───── DATA IN THIS EXERCISE ─────
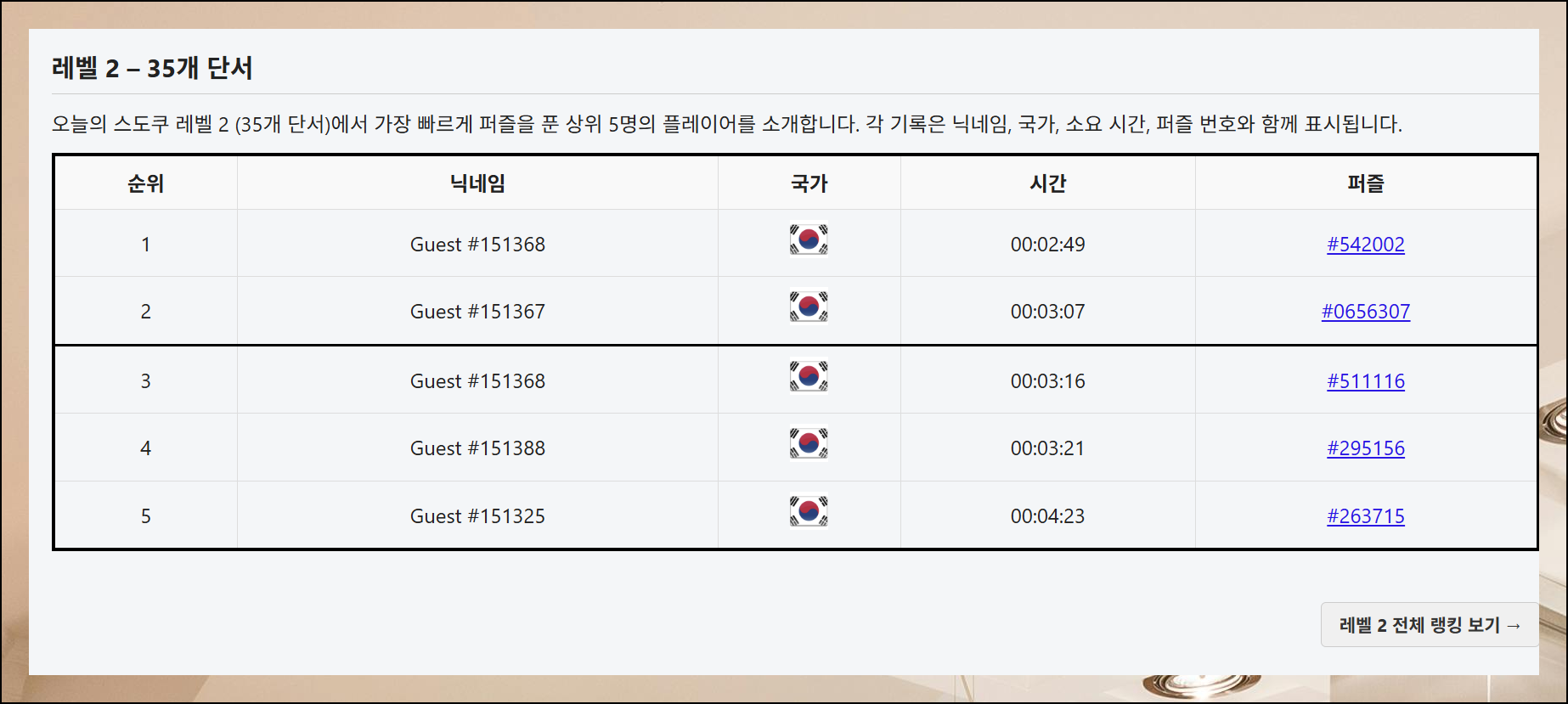 파일 다운로드 방식보다 온라인에서 바로 해결하는 것이 훨씬 실용적입니다. 답을 화면에 입력하면 규칙 위반 여부를 즉시 확인할 수 있어요. 자신의 수준에 맞는 스도쿠를 선택해서 도전할 수 있죠. 더 나아가 퍼즐을 푸는 시간이 자동으로 기록되어 실력 향상 정도를 파악하기에도 안성맞춤입니다.
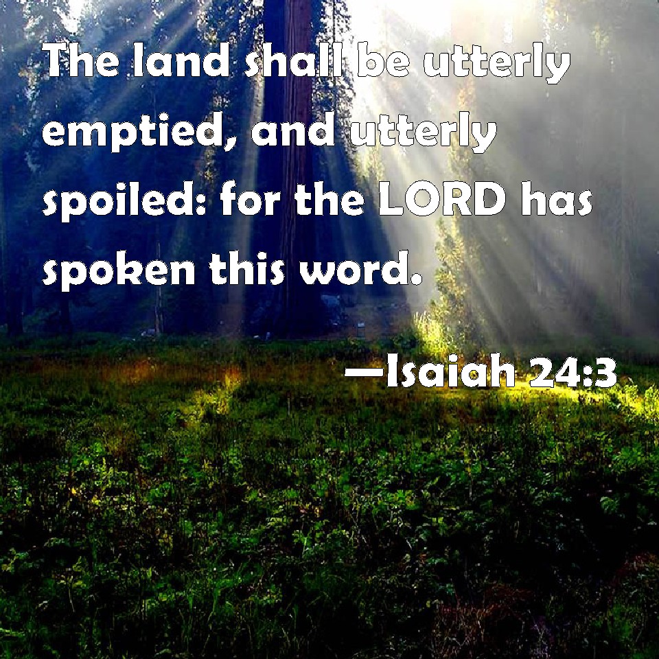 Isaiah 24:3 The land shall be utterly emptied, and utterly spoiled: for the LORD has spoken this word.
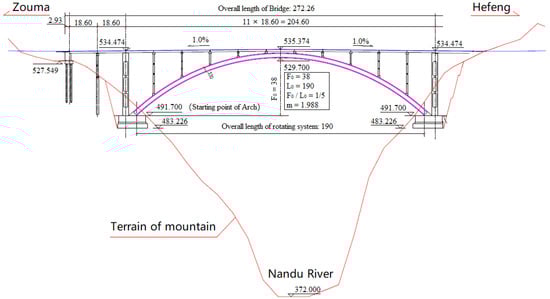 The construction of the Nandu River Swing Bridge is taken as an engineering case study (shown in 0); the bridge is the largest concrete spherical joint swing bridge in China, spans 190 m (L0), and is located in the Enshi province. The sagitta height (F0) is 38 m and the F0/L0 ratio is 1/5. Meanwhile, the arch axis coefficient (m) is 1.988. The design speed of the bridge is 40 km/h. The rotating system is formed by the rigid skeleton and the bottom of the rigid skeleton is cast by the concrete. The back wall provides a balanced weight during the process of rotating construction. The reinforced concrete spherical joint is cast by C50 concrete. Detailed information, in terms of the back wall and the spherical joint, is presented in Section 4 and Section 5. Figure 2 shows the bridge layout of the Nandu River Swing Bridge.
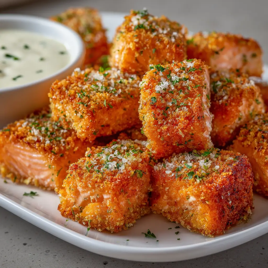 Introduction to Crispy Salmon Bites with Garlic Cream Sauce
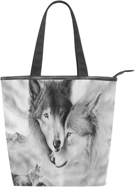 Borsa Da Donna In Tela Con Disegni Di Lupo Colore Bianco E Nero Con Animali Per Ragazze Per Scuola Viaggi Palestra Uso Quotidiano Amazon It Valigeria
─────
### ASSIGNMENT
Set down the material above exactly as it reads, but not its pictures.

### WRITTEN REPLY
 파일 다운로드 방식보다 온라인에서 바로 해결하는 것이 훨씬 실용적입니다. 답을 화면에 입력하면 규칙 위반 여부를 즉시 확인할 수 있어요. 자신의 수준에 맞는 스도쿠를 선택해서 도전할 수 있죠. 더 나아가 퍼즐을 푸는 시간이 자동으로 기록되어 실력 향상 정도를 파악하기에도 안성맞춤입니다.
 Isaiah 24:3 The land shall be utterly emptied, and utterly spoiled: for the LORD has spoken this word.
 The construction of the Nandu River Swing Bridge is taken as an engineering case study (shown in 0); the bridge is the largest concrete spherical joint swing bridge in China, spans 190 m (L0), and is located in the Enshi province. The sagitta height (F0) is 38 m and the F0/L0 ratio is 1/5. Meanwhile, the arch axis coefficient (m) is 1.988. The design speed of the bridge is 40 km/h. The rotating system is formed by the rigid skeleton and the bottom of the rigid skeleton is cast by the concrete. The back wall provides a balanced weight during the process of rotating construction. The reinforced concrete spherical joint is cast by C50 concrete. Detailed information, in terms of the back wall and the spherical joint, is presented in Section 4 and Section 5. Figure 2 shows the bridge layout of the Nandu River Swing Bridge.
 Introduction to Crispy Salmon Bites with Garlic Cream Sauce
 Borsa Da Donna In Tela Con Disegni Di Lupo Colore Bianco E Nero Con Animali Per Ragazze Per Scuola Viaggi Palestra Uso Quotidiano Amazon It Valigeria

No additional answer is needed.